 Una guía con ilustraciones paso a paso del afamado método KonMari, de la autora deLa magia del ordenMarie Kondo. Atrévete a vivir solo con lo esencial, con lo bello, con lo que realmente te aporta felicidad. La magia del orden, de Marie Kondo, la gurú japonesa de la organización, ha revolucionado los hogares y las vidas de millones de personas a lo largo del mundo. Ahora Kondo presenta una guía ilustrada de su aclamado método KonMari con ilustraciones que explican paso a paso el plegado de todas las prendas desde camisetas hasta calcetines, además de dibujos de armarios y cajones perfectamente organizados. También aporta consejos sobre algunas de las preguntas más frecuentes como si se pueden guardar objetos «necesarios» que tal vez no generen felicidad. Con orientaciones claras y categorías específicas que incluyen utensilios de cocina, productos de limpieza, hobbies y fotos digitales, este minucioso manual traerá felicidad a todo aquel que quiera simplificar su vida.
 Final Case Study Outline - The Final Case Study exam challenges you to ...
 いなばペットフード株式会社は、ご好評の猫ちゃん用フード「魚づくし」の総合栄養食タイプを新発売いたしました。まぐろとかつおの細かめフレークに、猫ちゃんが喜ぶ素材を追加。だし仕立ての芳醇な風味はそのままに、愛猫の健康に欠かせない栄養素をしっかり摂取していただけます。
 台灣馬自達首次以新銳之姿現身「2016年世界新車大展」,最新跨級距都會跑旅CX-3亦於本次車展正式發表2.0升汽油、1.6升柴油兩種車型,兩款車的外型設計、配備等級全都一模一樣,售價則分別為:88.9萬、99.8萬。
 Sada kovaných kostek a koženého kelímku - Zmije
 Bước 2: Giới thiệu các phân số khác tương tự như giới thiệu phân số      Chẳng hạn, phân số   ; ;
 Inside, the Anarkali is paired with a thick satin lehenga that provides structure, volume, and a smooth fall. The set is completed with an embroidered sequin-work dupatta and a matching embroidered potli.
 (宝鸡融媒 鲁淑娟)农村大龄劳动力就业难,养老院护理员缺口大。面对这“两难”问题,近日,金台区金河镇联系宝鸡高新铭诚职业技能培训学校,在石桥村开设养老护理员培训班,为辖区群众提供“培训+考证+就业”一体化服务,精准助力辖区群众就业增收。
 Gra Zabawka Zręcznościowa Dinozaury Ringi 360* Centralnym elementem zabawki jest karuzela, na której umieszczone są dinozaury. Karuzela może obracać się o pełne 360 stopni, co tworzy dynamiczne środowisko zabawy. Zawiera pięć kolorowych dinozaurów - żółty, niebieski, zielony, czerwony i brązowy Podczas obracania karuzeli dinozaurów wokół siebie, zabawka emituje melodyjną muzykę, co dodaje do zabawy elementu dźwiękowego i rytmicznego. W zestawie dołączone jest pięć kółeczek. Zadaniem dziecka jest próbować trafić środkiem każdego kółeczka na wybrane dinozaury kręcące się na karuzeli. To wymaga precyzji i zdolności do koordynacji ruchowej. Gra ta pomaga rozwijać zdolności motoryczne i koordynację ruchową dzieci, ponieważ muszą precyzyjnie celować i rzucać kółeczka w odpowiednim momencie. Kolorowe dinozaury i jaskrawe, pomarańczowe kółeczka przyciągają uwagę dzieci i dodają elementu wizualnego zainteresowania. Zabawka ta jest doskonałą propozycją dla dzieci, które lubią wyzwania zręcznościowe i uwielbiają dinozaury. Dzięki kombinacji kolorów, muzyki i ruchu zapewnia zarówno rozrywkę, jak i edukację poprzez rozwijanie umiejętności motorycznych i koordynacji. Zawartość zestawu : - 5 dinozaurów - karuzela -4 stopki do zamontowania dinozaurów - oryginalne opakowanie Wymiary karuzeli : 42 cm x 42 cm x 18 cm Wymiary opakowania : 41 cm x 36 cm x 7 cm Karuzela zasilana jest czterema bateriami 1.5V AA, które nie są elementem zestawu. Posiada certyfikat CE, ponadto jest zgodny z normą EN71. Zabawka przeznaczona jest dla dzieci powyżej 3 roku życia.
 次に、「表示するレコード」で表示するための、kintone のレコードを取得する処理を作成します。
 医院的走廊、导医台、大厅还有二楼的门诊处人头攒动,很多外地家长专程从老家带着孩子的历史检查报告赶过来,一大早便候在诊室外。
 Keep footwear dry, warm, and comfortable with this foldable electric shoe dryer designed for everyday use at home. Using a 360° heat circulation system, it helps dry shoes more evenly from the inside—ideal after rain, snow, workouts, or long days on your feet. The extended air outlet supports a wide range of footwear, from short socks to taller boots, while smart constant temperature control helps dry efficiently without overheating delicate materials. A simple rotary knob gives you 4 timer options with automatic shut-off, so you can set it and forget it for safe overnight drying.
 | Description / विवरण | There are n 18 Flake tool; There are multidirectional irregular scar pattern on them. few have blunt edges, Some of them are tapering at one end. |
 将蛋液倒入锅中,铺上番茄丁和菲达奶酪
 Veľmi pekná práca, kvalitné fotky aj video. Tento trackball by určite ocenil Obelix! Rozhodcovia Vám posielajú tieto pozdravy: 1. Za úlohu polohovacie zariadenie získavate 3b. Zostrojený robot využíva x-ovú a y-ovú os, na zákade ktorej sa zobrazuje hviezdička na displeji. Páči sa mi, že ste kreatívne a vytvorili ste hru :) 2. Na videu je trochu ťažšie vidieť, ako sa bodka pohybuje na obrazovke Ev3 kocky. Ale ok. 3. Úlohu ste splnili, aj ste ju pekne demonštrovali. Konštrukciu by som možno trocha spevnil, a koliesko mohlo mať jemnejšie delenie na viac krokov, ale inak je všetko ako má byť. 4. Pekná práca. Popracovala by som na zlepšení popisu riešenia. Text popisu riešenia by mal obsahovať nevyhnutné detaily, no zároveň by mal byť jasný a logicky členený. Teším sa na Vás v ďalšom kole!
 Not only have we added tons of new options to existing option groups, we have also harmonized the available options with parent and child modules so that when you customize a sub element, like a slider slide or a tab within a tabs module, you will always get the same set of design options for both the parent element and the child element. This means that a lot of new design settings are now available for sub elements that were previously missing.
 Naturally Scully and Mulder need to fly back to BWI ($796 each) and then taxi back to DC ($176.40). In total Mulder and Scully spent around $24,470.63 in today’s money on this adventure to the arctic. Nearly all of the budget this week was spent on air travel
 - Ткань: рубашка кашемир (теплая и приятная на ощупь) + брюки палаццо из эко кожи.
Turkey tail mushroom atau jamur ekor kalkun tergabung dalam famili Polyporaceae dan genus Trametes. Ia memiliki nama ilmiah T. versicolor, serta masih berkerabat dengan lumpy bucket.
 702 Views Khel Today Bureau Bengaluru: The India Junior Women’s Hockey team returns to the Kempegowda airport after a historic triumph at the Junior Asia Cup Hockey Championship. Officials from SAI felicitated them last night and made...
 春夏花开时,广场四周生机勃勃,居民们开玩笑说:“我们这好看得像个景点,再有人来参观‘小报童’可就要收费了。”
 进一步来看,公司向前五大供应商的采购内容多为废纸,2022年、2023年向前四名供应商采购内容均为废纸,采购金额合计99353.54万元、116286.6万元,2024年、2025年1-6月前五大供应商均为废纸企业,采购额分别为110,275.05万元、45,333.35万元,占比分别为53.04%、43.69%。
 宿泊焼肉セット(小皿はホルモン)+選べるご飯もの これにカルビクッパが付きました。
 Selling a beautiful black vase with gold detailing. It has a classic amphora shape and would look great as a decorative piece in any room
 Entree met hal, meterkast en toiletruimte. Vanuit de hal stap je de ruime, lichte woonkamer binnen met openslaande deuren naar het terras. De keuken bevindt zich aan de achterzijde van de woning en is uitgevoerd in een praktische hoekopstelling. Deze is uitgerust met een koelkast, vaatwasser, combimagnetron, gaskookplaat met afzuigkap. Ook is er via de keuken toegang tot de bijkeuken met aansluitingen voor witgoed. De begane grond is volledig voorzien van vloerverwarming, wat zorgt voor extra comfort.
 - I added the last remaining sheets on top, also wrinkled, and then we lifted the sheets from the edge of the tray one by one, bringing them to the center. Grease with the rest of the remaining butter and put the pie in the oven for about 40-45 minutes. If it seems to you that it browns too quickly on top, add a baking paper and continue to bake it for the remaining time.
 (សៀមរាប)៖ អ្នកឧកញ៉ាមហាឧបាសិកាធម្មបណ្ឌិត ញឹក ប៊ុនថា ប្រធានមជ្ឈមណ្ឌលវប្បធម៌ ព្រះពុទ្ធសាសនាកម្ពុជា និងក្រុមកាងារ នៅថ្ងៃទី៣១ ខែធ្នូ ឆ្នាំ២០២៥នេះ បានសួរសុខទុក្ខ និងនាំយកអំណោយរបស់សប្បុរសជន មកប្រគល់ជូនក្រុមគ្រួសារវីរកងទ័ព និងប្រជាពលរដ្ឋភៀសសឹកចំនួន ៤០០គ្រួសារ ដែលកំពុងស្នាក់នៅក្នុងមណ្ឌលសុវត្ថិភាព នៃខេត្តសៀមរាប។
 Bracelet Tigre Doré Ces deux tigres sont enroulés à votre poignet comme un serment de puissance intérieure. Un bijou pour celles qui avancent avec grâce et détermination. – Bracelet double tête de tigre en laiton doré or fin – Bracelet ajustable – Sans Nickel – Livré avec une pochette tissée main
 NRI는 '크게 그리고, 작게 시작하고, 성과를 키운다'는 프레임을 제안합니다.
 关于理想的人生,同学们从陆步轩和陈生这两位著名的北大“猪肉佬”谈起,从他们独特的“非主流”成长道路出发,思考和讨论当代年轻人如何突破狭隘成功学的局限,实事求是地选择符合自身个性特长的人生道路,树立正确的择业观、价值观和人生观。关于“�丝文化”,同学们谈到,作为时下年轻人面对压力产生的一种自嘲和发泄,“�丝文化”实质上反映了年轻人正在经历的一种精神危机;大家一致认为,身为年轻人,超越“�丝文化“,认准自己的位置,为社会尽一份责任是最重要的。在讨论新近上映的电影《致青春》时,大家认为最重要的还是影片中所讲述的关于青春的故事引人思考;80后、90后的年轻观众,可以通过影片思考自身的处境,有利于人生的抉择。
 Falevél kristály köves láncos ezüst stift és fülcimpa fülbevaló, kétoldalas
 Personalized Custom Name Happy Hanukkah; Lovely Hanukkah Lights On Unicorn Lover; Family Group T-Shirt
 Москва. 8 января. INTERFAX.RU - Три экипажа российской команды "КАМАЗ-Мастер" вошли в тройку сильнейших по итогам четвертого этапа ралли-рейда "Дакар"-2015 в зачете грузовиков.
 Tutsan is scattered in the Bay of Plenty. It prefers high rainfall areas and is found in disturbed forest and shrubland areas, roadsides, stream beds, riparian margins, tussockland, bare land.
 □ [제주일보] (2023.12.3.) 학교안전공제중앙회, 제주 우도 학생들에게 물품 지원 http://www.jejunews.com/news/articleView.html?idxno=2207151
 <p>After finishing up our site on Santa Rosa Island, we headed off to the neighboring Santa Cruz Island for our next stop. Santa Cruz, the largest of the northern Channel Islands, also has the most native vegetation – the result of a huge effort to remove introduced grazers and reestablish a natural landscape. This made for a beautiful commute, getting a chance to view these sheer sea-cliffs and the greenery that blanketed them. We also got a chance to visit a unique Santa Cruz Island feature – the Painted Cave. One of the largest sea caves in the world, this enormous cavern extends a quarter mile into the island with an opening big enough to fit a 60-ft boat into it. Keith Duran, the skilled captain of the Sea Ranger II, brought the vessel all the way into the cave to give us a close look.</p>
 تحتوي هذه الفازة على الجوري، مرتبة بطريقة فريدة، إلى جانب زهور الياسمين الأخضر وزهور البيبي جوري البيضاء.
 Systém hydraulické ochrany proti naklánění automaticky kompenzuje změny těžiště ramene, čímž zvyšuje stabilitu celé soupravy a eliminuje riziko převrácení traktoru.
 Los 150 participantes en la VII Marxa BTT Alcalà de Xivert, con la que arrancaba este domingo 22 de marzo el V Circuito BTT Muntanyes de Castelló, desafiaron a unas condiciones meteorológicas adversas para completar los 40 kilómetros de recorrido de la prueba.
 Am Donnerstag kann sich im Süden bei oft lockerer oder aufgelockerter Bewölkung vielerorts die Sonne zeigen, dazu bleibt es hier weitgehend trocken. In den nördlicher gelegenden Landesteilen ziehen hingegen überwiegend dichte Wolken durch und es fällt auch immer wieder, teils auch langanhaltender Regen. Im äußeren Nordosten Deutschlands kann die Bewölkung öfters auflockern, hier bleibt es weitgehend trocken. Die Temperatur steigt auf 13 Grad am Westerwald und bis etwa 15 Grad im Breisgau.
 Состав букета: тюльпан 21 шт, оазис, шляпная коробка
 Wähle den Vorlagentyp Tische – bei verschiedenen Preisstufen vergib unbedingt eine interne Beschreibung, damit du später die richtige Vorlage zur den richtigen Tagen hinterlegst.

* How to complete this task *
What is needed is each line from the records with the word "last" in it.

* Solution below *
 702 Views Khel Today Bureau Bengaluru: The India Junior Women’s Hockey team returns to the Kempegowda airport after a historic triumph at the Junior Asia Cup Hockey Championship. Officials from SAI felicitated them last night and made...
 - I added the last remaining sheets on top, also wrinkled, and then we lifted the sheets from the edge of the tray one by one, bringing them to the center. Grease with the rest of the remaining butter and put the pie in the oven for about 40-45 minutes. If it seems to you that it browns too quickly on top, add a baking paper and continue to bake it for the remaining time.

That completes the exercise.